La Patagonia es uno de los lugares más remotos e inexplorados del mundo, incluso en esta época de grandes avances tecnológicos. Aún esconde rincones secretos que se resisten a ser revelados. El Campo de Hielo Sur es uno de ellos. No sólo es de interés por ser una de las reservas de agua dulce más grandes del mundo o por sus enormes glaciares, sino que también guarda centros volcánicos muy poco conocidos. Acá les cuento sobre uno de ellos.

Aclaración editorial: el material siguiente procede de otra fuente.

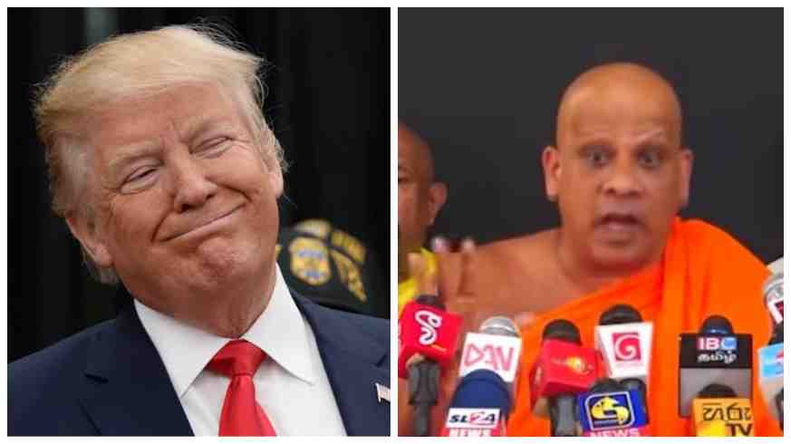 The Chief Incumbent of Mihintale Rajamaha Viharaya, Walawahangunawewe Dhammarathana Thera, while criticising the government’s proposed education reforms, claimed he could meet Donald Trump to explain how the government is destroying the country, adding that a US tax on Sri Lanka was reduced after a student known to him approached the Trump family using personal connections.
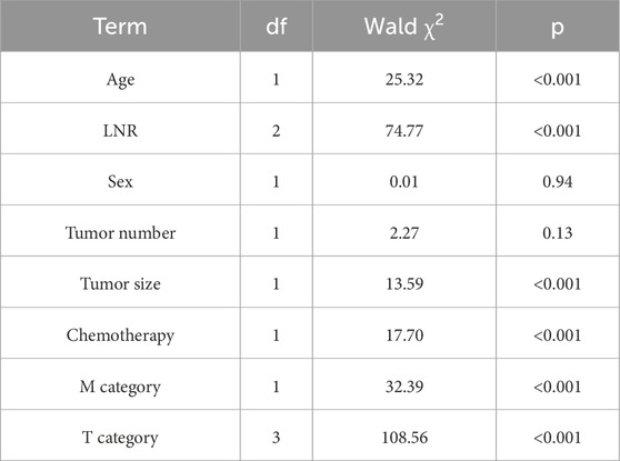 Baseline characteristics were summarized using standardized mean differences (SMDs) and chi-square (χ2) tests. Age and LNR were treated as continuous variables to avoid bias from data-driven cut points. LNR was modeled using restricted cubic splines (RCS) with four knots to capture potential nonlinearity, while age was retained as a linear term. Other variables (sex, chemotherapy, T category, M category, tumor size, tumor number) were entered as categorical factors.
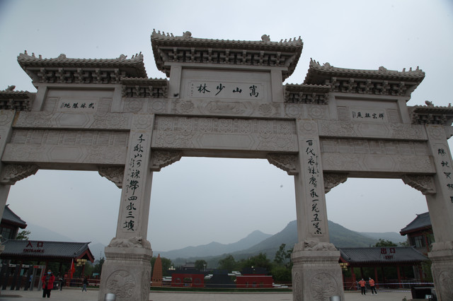 就着胡辣汤的鲜香,吃过丰富的早点,驱车自酒店地下一层的停车场驶出,沿着郑云高速和郑少高速,我们畅通无阻,抵达河南嵩山少林寺山门,一座高大的手持禅杖的和尚铜像,屹立在山门前方。
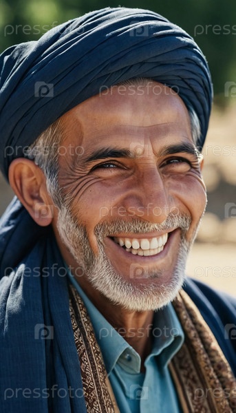Житель Афганистана, этот улыбающийся человек излучает тепло и счастье, демонстрируя богатое культурное наследие и принимая жизнь
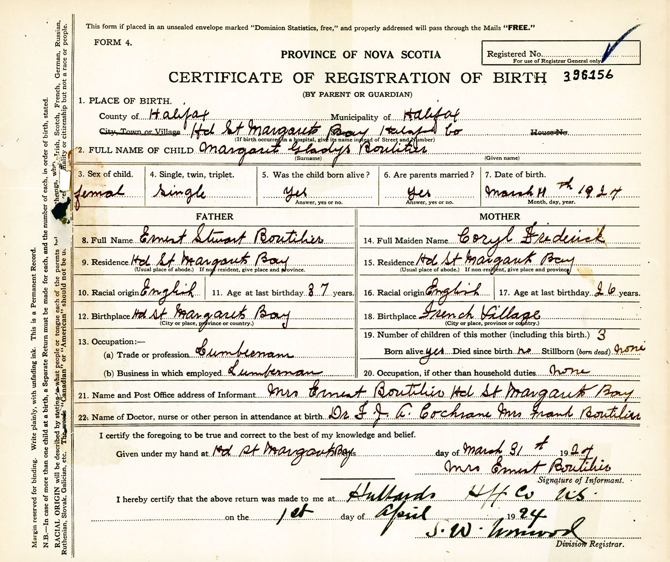 Female Birth Registration: Year: 1924 number: 39600156
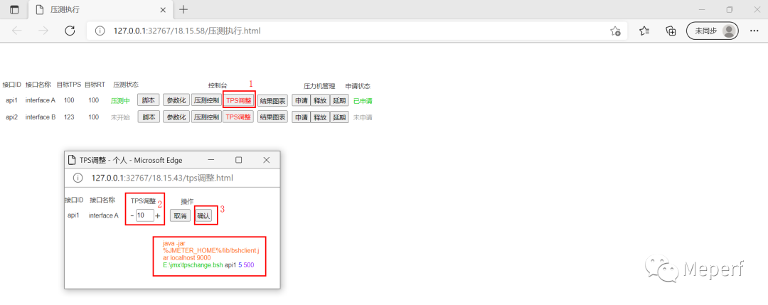 当某个接口进行性能测试,需要调整TPS时只需要点击TPS调整按钮,弹出接口信息以及TPS调整输入框,点击确认(3)后,平台代码调用命令进行TPS动态调整。
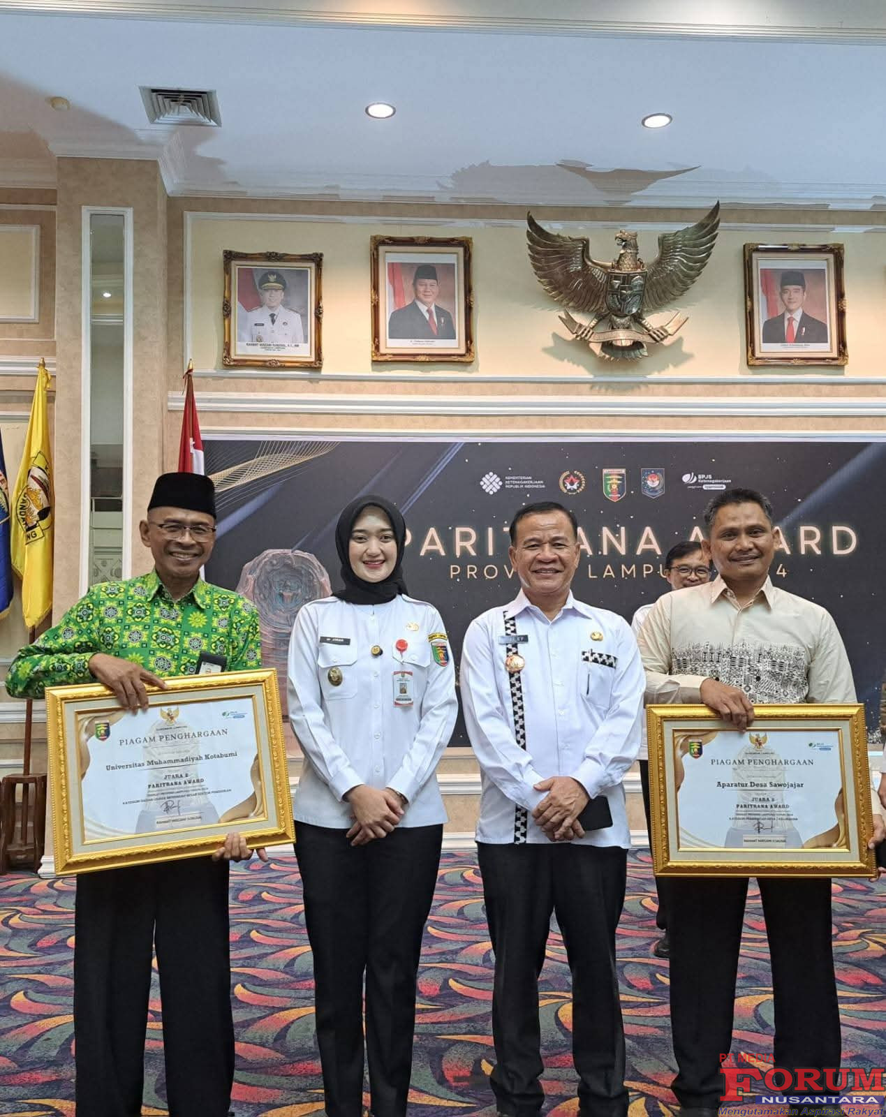 ForumNusantaranews.com Bandar Lampung – Bupati Lampung Utara, Dr. Ir. Hamartoni Ahadis, M.Si., diwakili oleh Drs. Nozy Efialis, M.Si., selaku Staf Ahli Bupati Lampung Utara, menghadiri acara Penyerahan Piagam Pemenang Paritrana Award Tingkat Provinsi Lampung. Kegiatan ini berlangsung di Balai Keratun Kantor Gubernur Provinsi Lampung, Rabu (13/8/2025).
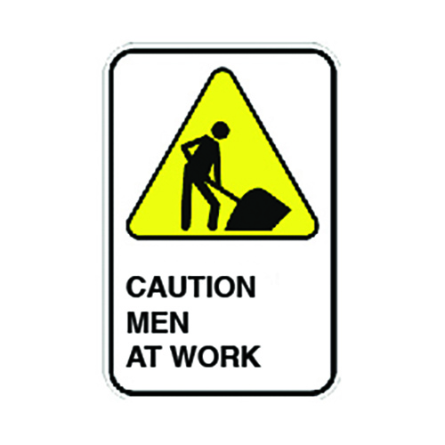 Sign – Caution: Men at Work Dimensions: 12×18 Aluminum 064 Rounded corners Engineer-grade vinyl Black outline White background, yellow and black pictogram. Price per unit
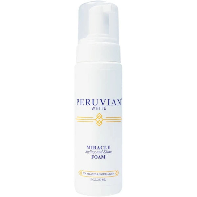 Peruvian White Miracle Styling and Shine Foam is created to dry quick and style quick on all your wet styles. Leaves a long lasting sheen on the hair without build up.
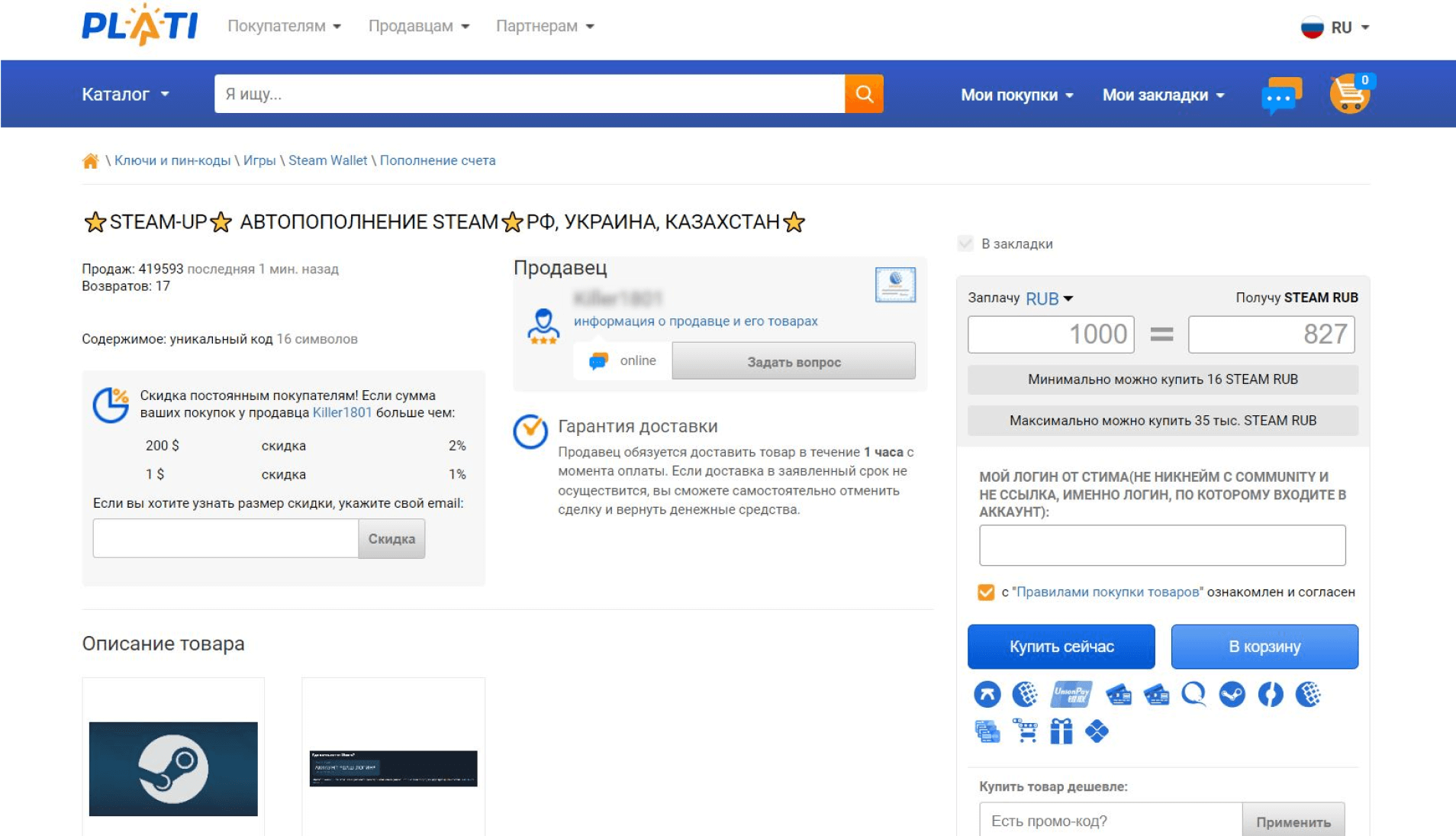 - Комиссия в таких сервисах отличается у разных продавцов, вы можете потратить некоторое время и выбрать тот вариант, который наиболее выгоден. Для написания этой статьи мы протестировали услугу по пополнению баланса стим одного из топовых продавцов сервиса Plati
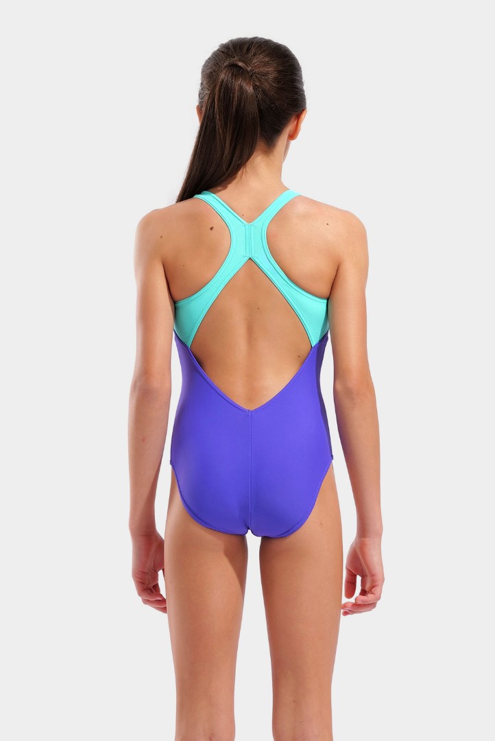 купальник (детск.) arena GRAPHIC SWIMSUIT V BACK Jr Артикул: 010407-880 Коллекция: WA2025 Цвет: indaco-water Состав: 80% Полиамид, 20% эластан. Технологии: MaxFit Eco

Los inicios de esta historia están íntimamente relacionados a las primeras exploraciones hechas a la zona desde comienzos del siglo 20. El destacado explorador y montañista británico Eric Shipton, conocido principalmente por sus ascensos en el Himalaya, nos reseña las observaciones realizadas por estos intrépidos aventureros:

-Hacia 1910 viajeros relatan “lluvias de cenizas” en el sector occidental del lago Viedma. Además, por aquellos años, se encontraron depósitos volcánicos en los glaciares O’Higgins y Chico, ubicados en un área cercana más al norte. También cita al misionero Alberto De Agostini, quien mencionaba que los colonos asentados en las proximidades del Lago O’Higgins habían avistado, en varias ocasiones, “grandes columnas de humo” elevarse por sobre el campo de hielo hacia el oeste.

-1933: una expedición liderada por el andinista alemán Federico Reichert logró llegar al campo a través del glaciar O’Higgins desde el brazo más austral del lago O’Higgins. A pesar de las enormes dificultades de la campaña, Reichert da cuenta de un “cono volcánico” de aproximadamente 3 mil metros del cual emanaban “nubes de vapor”, pero cuya visión duró sólo unos 15 minutos. Expediciones posteriores siguiendo la misma ruta de Reichert se realizaron en 1957 y 1958, sin lograr más novedades.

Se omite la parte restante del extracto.